Their training is austere and warlike. Each day the monks, from the most slender youth to the oldest graybeard among them, put on armor and exercise upon the grounds within the walls of the monastery, where they practice in the use of the sword and shield, and in accuracy with the bow. They also strengthen their bodies by lifting stone weights and running about the perimeter of the monastery lawns. Their food is plain and of small quantity. Chiefly they subsist on boiled barley, fowl, fruits, butter, milk, fish, and eggs, for they avoid the consumption of red meat. They sleep no more than five hours a day after midnight, for the hours of darkness before midnight they spend in studying and adoring the heavens from their high places, of which there are an abundant number upon the rooftops of the monastery buildings.

In one respect their teachings resemble those of the Greek philosopher Pythagoras, for they maintain that any form of excess is to be avoided, and that moderation is the chief virtue of mankind. They demonstrate through the use of historical examples that all the hardships and disasters of our race have been the result of immoderate passions or actions committed in reckless haste, and assert that for so long as the mind rules the heart, order continues, but that so soon as the heart overthrows the mind, the result is chaos. They seldom laugh among themselves or raise their voices in anger, and are never to be seen running unless during exercise or when some dire peril makes haste unavoidable.
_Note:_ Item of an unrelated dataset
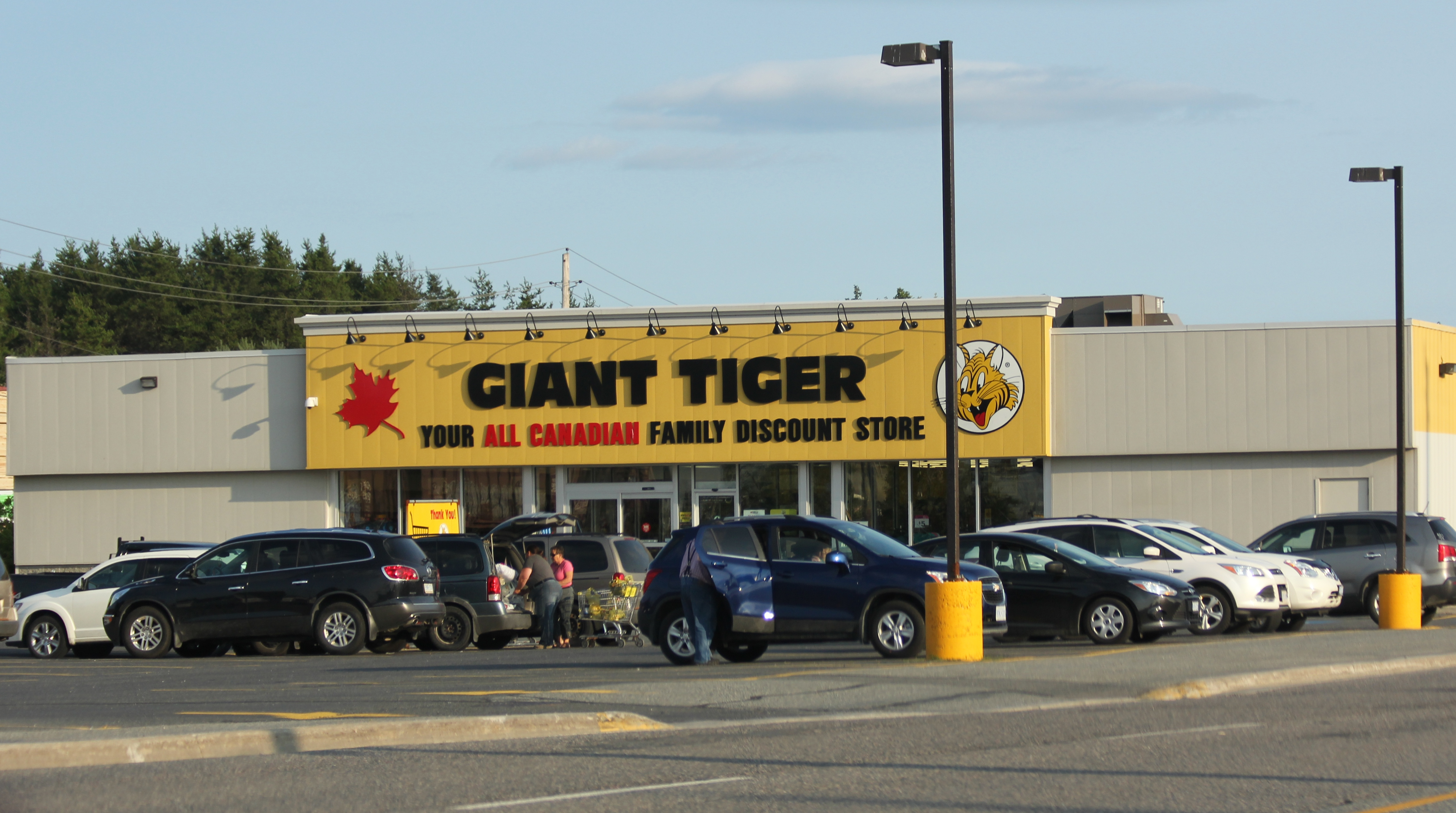 The Giant Tiger strore in Espanola, ON.

The leader of the order in the present generation is a man named Rumius, by birth a nobleman of Persia who came to this meeting place of the river Tigris as a boy, having been sent here by his family in recognition of his precocious intellect, for he could read Greek at the age of five and Hebrew at eight. His present age is difficult to determine, for his back is unbent and his body as strong as that of an athlete, but his flowing hair and long beard both have the whiteness of milk. He is of uncommon stature, so that the heads of most men rise only to his shoulders, yet is slender of limb. His blue eyes and straight nose look more Greek than Persian, so that it may be suspected that his parentage is not of pure blood, but mixed; indeed, so great is his sagacity and beauty, it might almost be thought that he carried the blood of the sons of God.
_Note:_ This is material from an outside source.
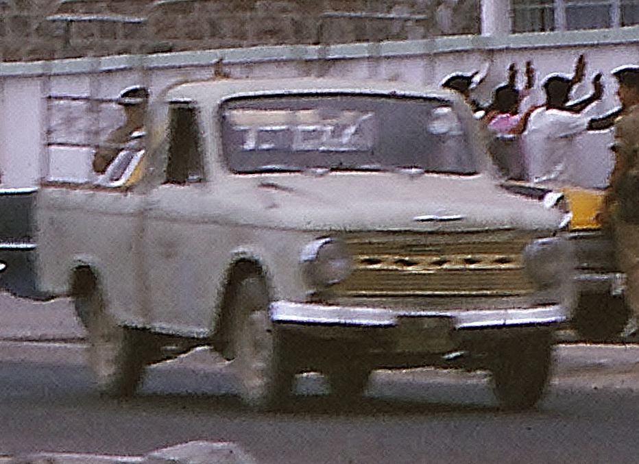 Hino Briska truck Aden (Yemen), 1966

traveler to the monastery of the magi is free to purchase such teachings as the monks dispense outside the gate to those who gather each day in the paved square. No student is refused provided he behaves in a decorous manner and attends the lessons with silence; even women are permitted to sit at the feet of the monks, who teach by means of lectures, either standing and declaiming before their scholars, or walking up and down as they speak. The younger monks alone fulfill the task of teachers, as though it were a matter of too small importance to occupy the time of the elders. They teach logic, rhetoric, poetics, geometry, history, writing, and arithmetic. Absent from their lectures are references to magic or the arcane arts, astronomy, geomancy, or theology. Concerning the nature of the cosmic spheres and the stars of the heavens, which make up their own chief study, they say nothing.

It is soon apparent to the traveler who is well versed in necromancy and the secret wisdom of this world that nothing of importance is to be gained by sitting at the feet of the teachers outside the gate. Even as the jewels of a monarch are not left scattered about the flagstones, but are kept safe within an ironbound strongbox, the true wisdom of the Sons of Sirius is preserved within the walls of the monastery itself and never set on display for the eyes of the vulgar. Yet the monks are accustomed to admit none within the gate but those of their order, and to gain admission to the order is a work of many months.